His argument was founded on psychological concepts as well as ideas from law.
During his lecture, given at noon on Thursday in the Teplitz Memorial Courtroom at Pitt’s School of Law, he cited a number of psychological experiments. One experiment presented situations in which white subjects were bumped into by blacks and whites, then interviewed about the event.
The majority of those bumped by blacks interpreted the bumps as being intentional or mean-spirited, while the majority of those bumped by whites felt that the bumps were innocuous.
The same experiment was later repeated, with comparable results, using a group of 8-year-olds as the test subjects.

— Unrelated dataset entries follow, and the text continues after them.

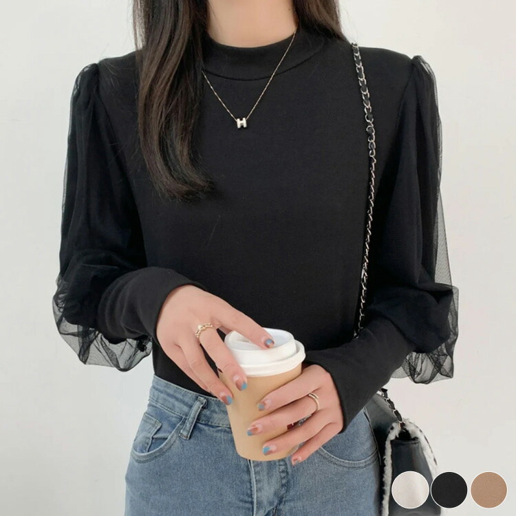 カットソー レディース トップス 韓国 シャツ 長袖 チュール ドッキング バルーン袖 オフィス ハイネック 上品 バルーンスリーブ 異素材 ランタンスリーブ 秋冬 秋 冬 春 大人 無地 黒 白
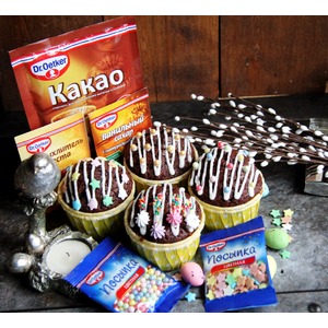 Наполнить капсулы для кексов не более, чем на 2/3 объема (!), т. к. в процессе выпечки излишки могут перелиться через край при подъеме! |
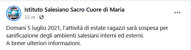 Questo il post pubblicato sulla pagina Facebook dell'Istituto Salesiano Sacro Cuore di Maria: "Domani 5 luglio 2021 - si legge nel post - l'attività di estate ragazzi sarà sospesa per sanificazione degli ambienti salesiani interni ed esterni. A breve ulteriori informazioni".
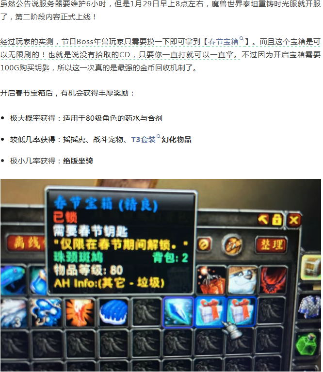 时光服提前开服!春节宝箱T3套装可无限刷!

He also cited an experiment that elucidated the psychological effects of stereotypes on those who are stereotyped. The experiment featured black and white students taking a test consisting of questions from the GRE. The experimenters told the students the test would measure intelligence. The black students scored significantly lower on the test. A second group took the same test, without being told that the test measured intelligence. This time, the scores were indistinguishable.
Results like those produced by black students were also observed in similar tests. One test had white women scoring lower than white men in a “math test.” Another had white men scoring lower than Asian men, also in a “math test.”
While Armour’s analysis of the cause of racism was largely without blame, he also made it clear that the results were unacceptable.
In Baltimore, according to Armour, 56 percent of black males, age 16 to 29, are in some level of the criminal justice system. The same is true of one-third of that demographic in California, he said.
As a professor, Armour has witnessed the phenomenon firsthand, such as when only one of the eight black students in one of his classes was a man. Armour called for an end to this “dire demographic in the classroom.”
He also recalled a conversation he had with an opponent of affirmative action, who argued that the program interfered with his ability to trust his gut instinct. Armour noted that gut instinct was fully susceptible to racism – that it was influenced by unconscious biases – and that affirmative action helps to counteract those biases.
He rebuked a school of thought suggesting that racism was a natural, instinctual reaction. Using such psychological justification, he said, is a racism that “hides its fascist boots beneath a lab coat.”
Armour discussed the issue of attribution: In the legal system, the question arises as to whether a crime has been committed because of a shortcoming in character, or as the result of a reaction to an untenable situation. He said in the shooting at Columbine, the response to the crimes of whites was to try to attribute the crimes to external, situational factors, such as violence in entertainment media, whereas inner-city crimes committed by minorities, tend to be attributed to character.
Armour also discussed a matter very much directed at the many law students who were among the approximately 150 people in the audience. He said he had initial reservations about pursuing a legal future, because he felt that thinking like a lawyer might entail him to think differently.
He eventually realized, however, that “you don’t have to sacrifice your heart to develop your mind.”
Armour earned his bachelor’s degree in sociology from Harvard University, then moved on to the University of California Berkeley. He earned his J.D. from UC Berkeley’s Boalt Hall Law School. He was an assistant professor of law at Pitt from 1990-1995, and spent another two years as an associate professor.
Armour’s speech was the latest installment of the law school’s annual “Martin Luther King Jr. Lecture on Racial Justice.”